▶ Supplied material
------

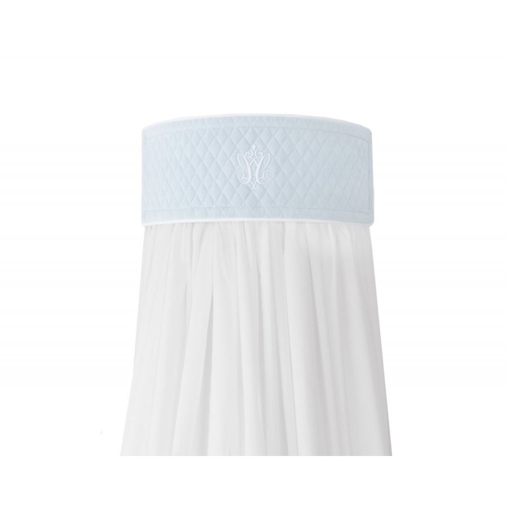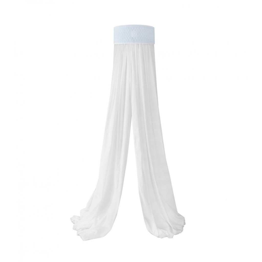 Krásny baldachýn do detskej izby. Vyrobený zo saténovej bielej bavlny, obohatený o elegantnú modrú ozdobnú časť v tvare polkruhu. Upevnenie je potiahnuté baby modrou prešívanou látkou zdobenou peknou mašličkou.
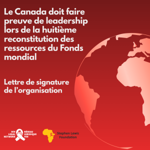 Le Canada se prépare à renouveler son engagement triennal au Fonds mondial et vous pouvez lui rappeler l’importance vitale de son leadership sur la scène internationale. Si votre organisation œuvre auprès de communautés touchées par le VIH et le sida, la tuberculose ou le paludisme, ou si elle milite pour les droits de la personne et la justice en santé, nous vous invitons à signer cette lettre ouverte qui exhorte le gouvernement du Canada à maintenir son leadership en s’engageant à verser 457 millions de dollars canadiens par année (1,37 milliard de dollars canadiens sur trois ans) pour la huitième reconstitution des ressources du Fonds mondial.
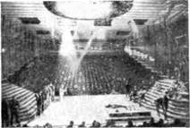Рис. 211. Театр Т. Гатри в Миннеаполисе. Общий вид. Арх. Р. Рапсон ¶площадка внутри сложного по форме амфитеатра (рис. 211). Задняя часть сцены перекрывается занавесом и служит местом для фоновых декораций. Резко очерченная линия обреза сценической площадки со ступенями, спускающимися в зрительный зал, акустические плоскости, подвешенные к потолку под разными углами, используемые для верхнего освещения, такие же угловатые линии построения амфитеатра, почти незаметно переходящего в балкон, все это в целом создает беспокойное впечатление. Популярность открытой сцены является одной из самых отличительных черт развития современного американского театра. По мнению американских специалистов, арена отличается не только более демократичным расположением мест, минимальным расстоянием между актером и зрителями, но и способствует развитию профессионального мастерства актера, требуя от него особой дисциплины, большой свободы движения в пространстве сцены. Художник, работающий на арене, ограничен куда более тесными рамками, чем на других сценах, и эти жесткие условия способствуют развитию его фантазии. Открытая сцена так же стимулирует фантазию зрителей. Главной силой своего театра американцы считают эксперименты в Сфере отношений актеров и зрителей и в меньшей степени в области перемен мест действия. Советские и большинство западноевропейских деятелей театра рассматривают арену как один из возможных вариантов решения театрального пространства, но не как единственную универсальную форму. Сила театра в его синтетичности. Лишать театр изобразительной среды, динамического развития действия, обогащенного движением элементов декораций, всех тех инструментов художественной выразительности, целенаправленно и дружно воздействующих на зрительское восприятие, значит, лишать театр его главнейших черт, его питательной среды. «Изобразительное искусство, — говорил Н. Акимов, — вошло в плоть и кровь театра не менее глубоко, чем музыка».1 Можно допустить арену в качестве площадки особого театра, особого творческого направления, театра экспериментального или учебного, но нельзя отдавать ей предпочтение перед другими формами сцены.

------

▶ Exercise description
Every line above is to be returned exactly, with its pictures removed.

▶ Response
 Krásny baldachýn do detskej izby. Vyrobený zo saténovej bielej bavlny, obohatený o elegantnú modrú ozdobnú časť v tvare polkruhu. Upevnenie je potiahnuté baby modrou prešívanou látkou zdobenou peknou mašličkou.
 Le Canada se prépare à renouveler son engagement triennal au Fonds mondial et vous pouvez lui rappeler l’importance vitale de son leadership sur la scène internationale. Si votre organisation œuvre auprès de communautés touchées par le VIH et le sida, la tuberculose ou le paludisme, ou si elle milite pour les droits de la personne et la justice en santé, nous vous invitons à signer cette lettre ouverte qui exhorte le gouvernement du Canada à maintenir son leadership en s’engageant à verser 457 millions de dollars canadiens par année (1,37 milliard de dollars canadiens sur trois ans) pour la huitième reconstitution des ressources du Fonds mondial.
Рис. 211. Театр Т. Гатри в Миннеаполисе. Общий вид. Арх. Р. Рапсон ¶площадка внутри сложного по форме амфитеатра (рис. 211). Задняя часть сцены перекрывается занавесом и служит местом для фоновых декораций. Резко очерченная линия обреза сценической площадки со ступенями, спускающимися в зрительный зал, акустические плоскости, подвешенные к потолку под разными углами, используемые для верхнего освещения, такие же угловатые линии построения амфитеатра, почти незаметно переходящего в балкон, все это в целом создает беспокойное впечатление. Популярность открытой сцены является одной из самых отличительных черт развития современного американского театра. По мнению американских специалистов, арена отличается не только более демократичным расположением мест, минимальным расстоянием между актером и зрителями, но и способствует развитию профессионального мастерства актера, требуя от него особой дисциплины, большой свободы движения в пространстве сцены. Художник, работающий на арене, ограничен куда более тесными рамками, чем на других сценах, и эти жесткие условия способствуют развитию его фантазии. Открытая сцена так же стимулирует фантазию зрителей. Главной силой своего театра американцы считают эксперименты в Сфере отношений актеров и зрителей и в меньшей степени в области перемен мест действия. Советские и большинство западноевропейских деятелей театра рассматривают арену как один из возможных вариантов решения театрального пространства, но не как единственную универсальную форму. Сила театра в его синтетичности. Лишать театр изобразительной среды, динамического развития действия, обогащенного движением элементов декораций, всех тех инструментов художественной выразительности, целенаправленно и дружно воздействующих на зрительское восприятие, значит, лишать театр его главнейших черт, его питательной среды. «Изобразительное искусство, — говорил Н. Акимов, — вошло в плоть и кровь театра не менее глубоко, чем музыка».1 Можно допустить арену в качестве площадки особого театра, особого творческого направления, театра экспериментального или учебного, но нельзя отдавать ей предпочтение перед другими формами сцены.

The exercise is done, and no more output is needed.